Problem requirements
Please write out exactly the line containing "light grey round" below and every line after it, through the last one, but leave out any pictures.

--- Collected material Enclosed Below ---

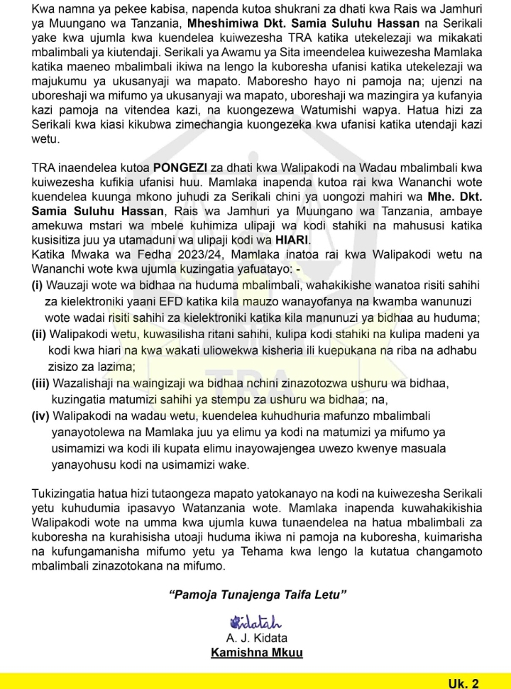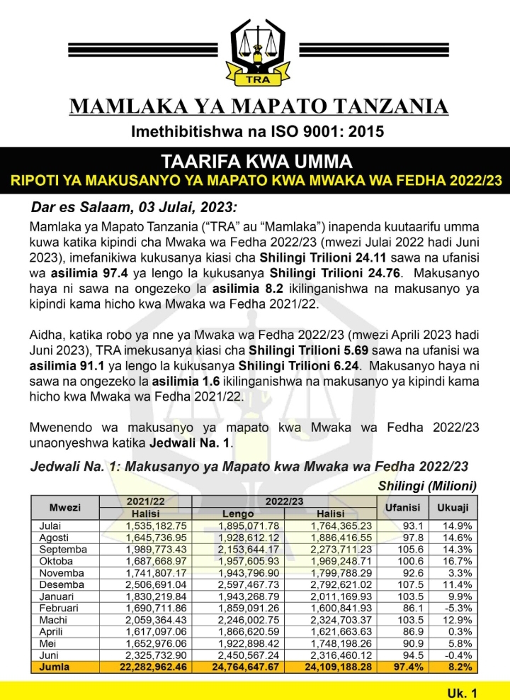 BiasharaTRA YATOA TAARIFA YA MAKUSANYO YA MAPATO MWAKA 2022-2023 Last updated: 2023/07/03 at 8:36 PM John Bukuku 2 years ago Share SHARE John Bukuku July 3, 2023 July 3, 2023 Share this Article Facebook Twitter Email Print Previous Article BENKI YA NMB YATOA MSAADA WA BATI 200 ZENYE THAMANI YA MIL 8.4 SEKONDARI YA IWAWA MAKETE MKOANI NJOMBE Next Article WAKALA WA USAJILI WA LESENI NA BIASHARA BRELA YAWAOMBA WANANCHI KUTEMBELEA BANDA LAO MAONESHO YA SABASABA
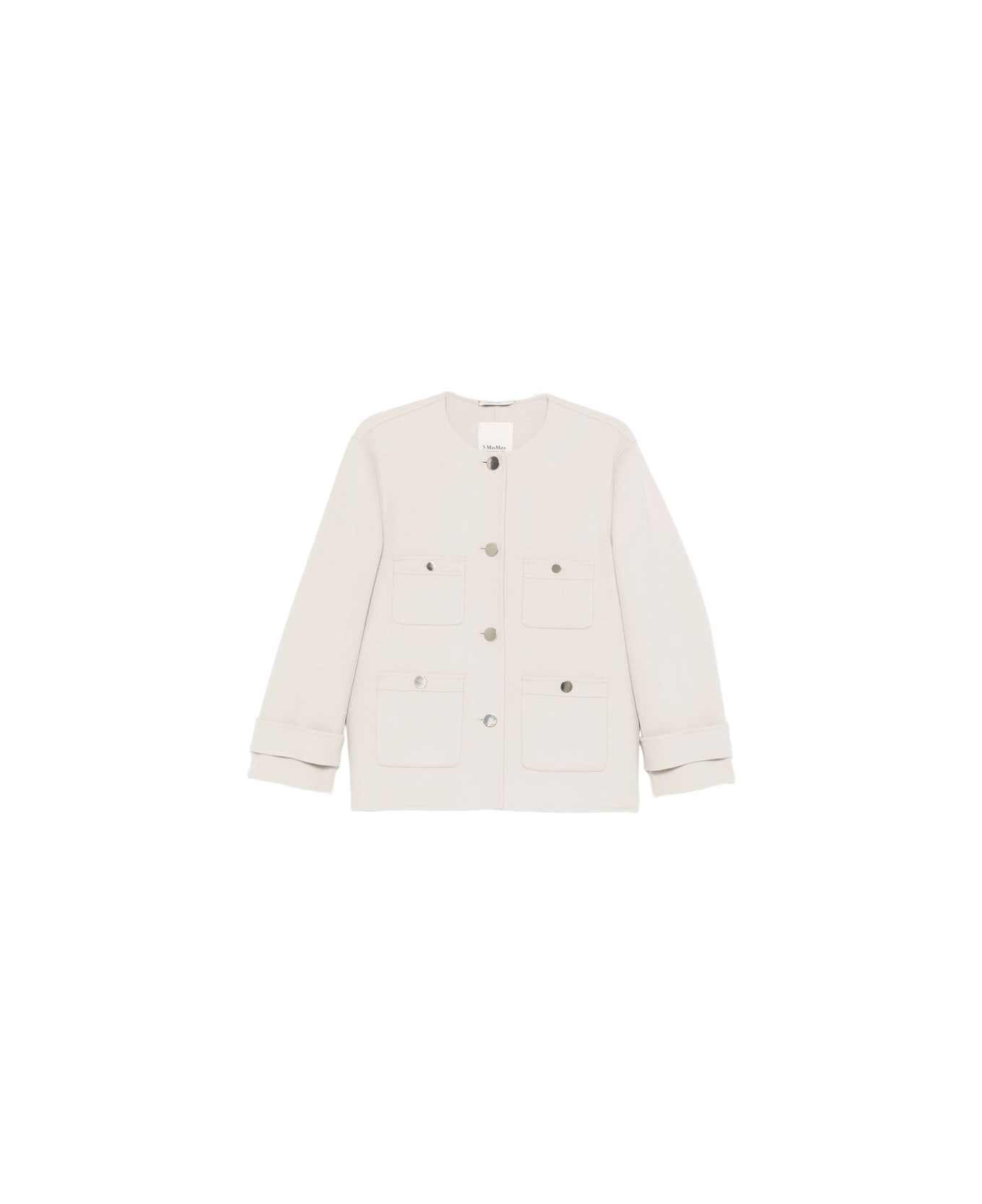light grey round neck front button fastening four front patch pockets
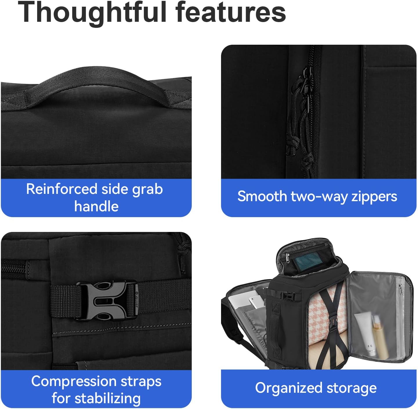 【HIGH QUALITY MATERIAL】Crafted from water-repellent nylon, this carry on travel backpack effectively shields contents from rain and humidity. The breathable back of the flight approved travel backpack features soft padding for optimal support, while adjustable shoulder straps ensure comfortable carrying. Built with robust zippers and reinforced stitching for lasting durability.
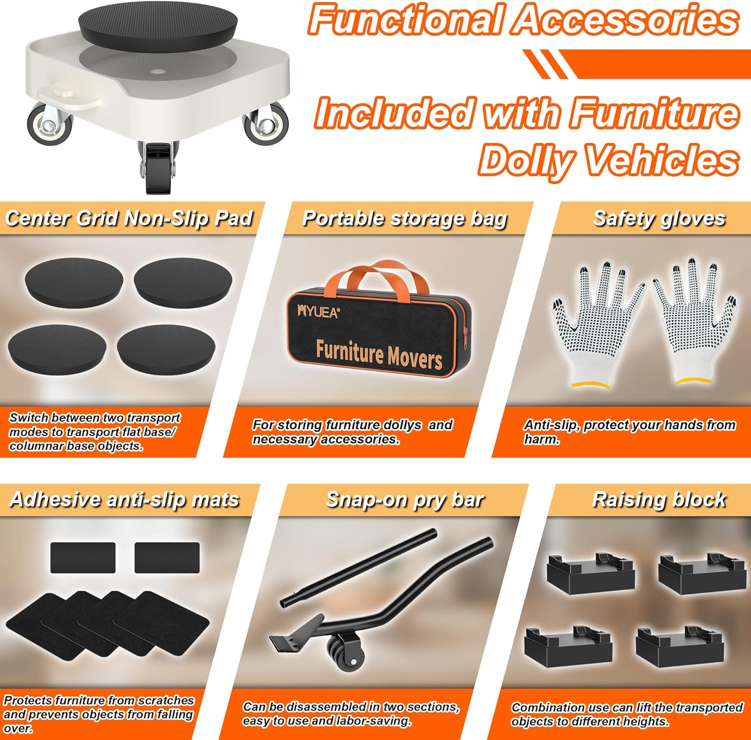 - Complete Furniture Dollies Kit (Saves Time & Effort):Includes pry bar (for lifting),anti-slip gloves,lift pads,and storage bag.Move heavy furniture solo—50% less effort vs. manual lifting.

--- End of Enclosed Collected material ---

Task result
light grey round neck front button fastening four front patch pockets
 【HIGH QUALITY MATERIAL】Crafted from water-repellent nylon, this carry on travel backpack effectively shields contents from rain and humidity. The breathable back of the flight approved travel backpack features soft padding for optimal support, while adjustable shoulder straps ensure comfortable carrying. Built with robust zippers and reinforced stitching for lasting durability.
 - Complete Furniture Dollies Kit (Saves Time & Effort):Includes pry bar (for lifting),anti-slip gloves,lift pads,and storage bag.Move heavy furniture solo—50% less effort vs. manual lifting.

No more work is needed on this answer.